Winter in Paris is usually mild and drizzly-- restaurants leave their cafe tables outside because you can sit there all year long. But after a weird warm spell at Christmas, it has suddenly gotten very cold this week and it's nine below zero today (that's in the teens in Fahrenheit, I believe; I've never completely made the adjustment to Celsius). It snowed all over France this week, although not in Paris.
One of my friends told me about some friends of hers who went skiing last week. It was so warm that there was no snow, and they couldn't ski a single day. Then on their way home to Paris, it started snowing, and the autoroute became so dangerous that it was shut down with the traffic still on it. They had to spend 20 hours in their car.

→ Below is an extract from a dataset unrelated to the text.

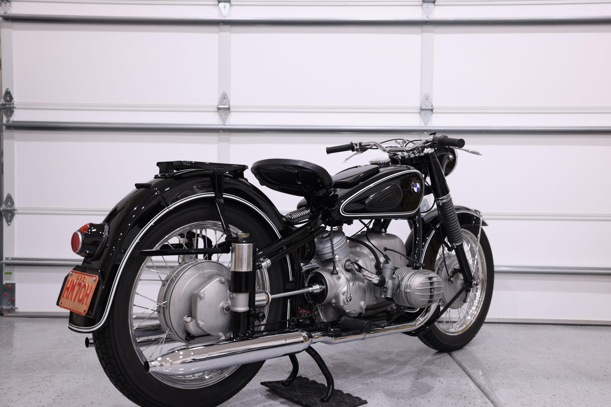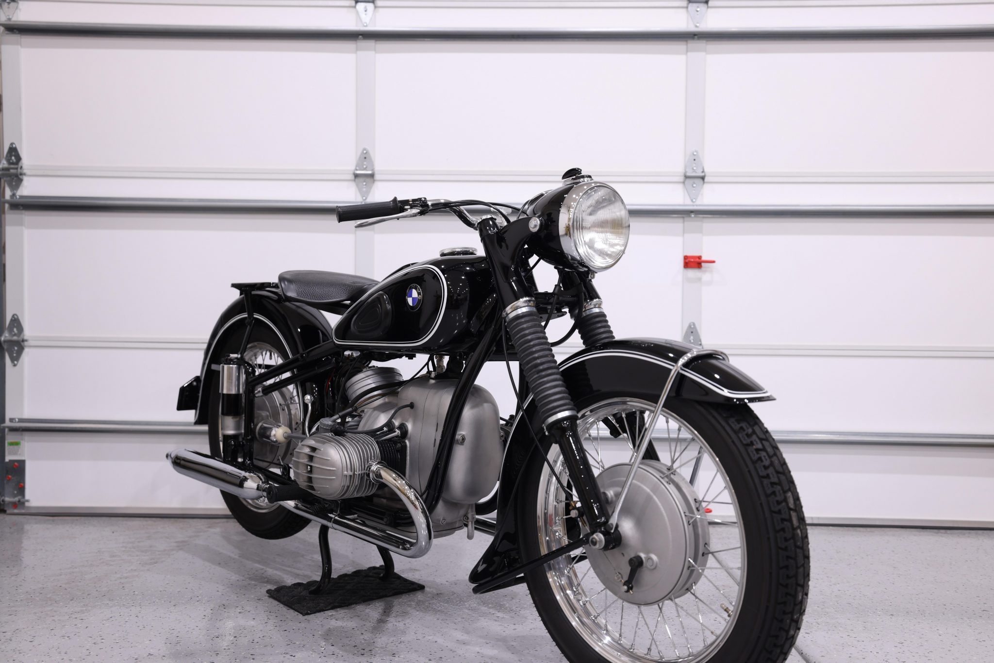 The wheels were fitted with rebuilt hubs and chrome spokes during the 2009 work, while new period-style tires are said to have been mounted in 2019 under previous ownership. Suspension consists of a rebuilt conventional fork with black rubber gaiters as well as dual plunger shocks in the rear. Braking is from drums with relined shoes at both ends.

"Yes," said some workers who came to my house today, "in France the authorities do not know how to deal with bad weather. We were going to Switzerland on Tuesday. We left at 6 in the morning and it started pouring down snow. Between ten and eleven o'clock, they closed the A6 near Auxerre. Luckily our truck has independent heating and a place to sleep. The firemen came by later on and gave us a baguette with a piece of ham inside, but that was all we had eat-- we got pretty hungry! They evacuated all the emergency cases first, then the automobilistes; but they did not clear the roads until Wednesday afternoon, so we spent more than 30 hours in the truck."






That is a disaster. Can't you take some train where you go skiing? I think after one experience like that, i would quit skiing.